- Methodist Episcopal Church
- U.S. National Register of Historic Places
- Location: 132 S. Washington Ave., Emmett, Idaho
- Coordinates: 43°52′29″N 116°29′55″W﻿ / ﻿43.87472°N 116.49861°W
- Area: less than one acre
- Built: 1906, 1920
- Architectural style: Late Gothic Revival
- MPS: Early Churches of Emmett TR
- NRHP reference No.: 80001326
- Added to NRHP: December 3, 1980

= Methodist Episcopal Church (Emmett, Idaho) =

The Methodist Episcopal Church in Emmett, Idaho, was built in 1906. It was listed on the National Register of Historic Places in 1980.

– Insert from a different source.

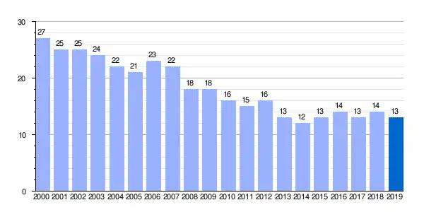Gráfica de evolución demográfica de Casas de Carrasco[1] entre 2000 y 2019 |

It has also been known as the United Methodist Church. It was located at 132 S. Washington Ave, at 1st St., in Emmett. The building no longer exists; a modern True Value Hardware store is now at that address.

It was built in 1906 in a cross-shaped plan, and it was expanded in 1920. Its original section was built of buff-colored brick, as was the later. The original section had more consistent use of Gothic Revival styling, in its "sharply pointed arches" for all openings.

It is one of six churches within a two block area of Emmett, established there from 1906 to 1934, which were together studied proposed for listing on the National Register. The six are: Catholic Church of the Sacred Heart (Emmett, Idaho), Emmett Presbyterian Church, First Baptist Church of Emmett, Methodist Episcopal Church (Emmett, Idaho), and St. Mary's Episcopal Church (Emmett, Idaho), which were all listed in 1980, and the First Full Gospel/United Pentecostal Church, which was not listed.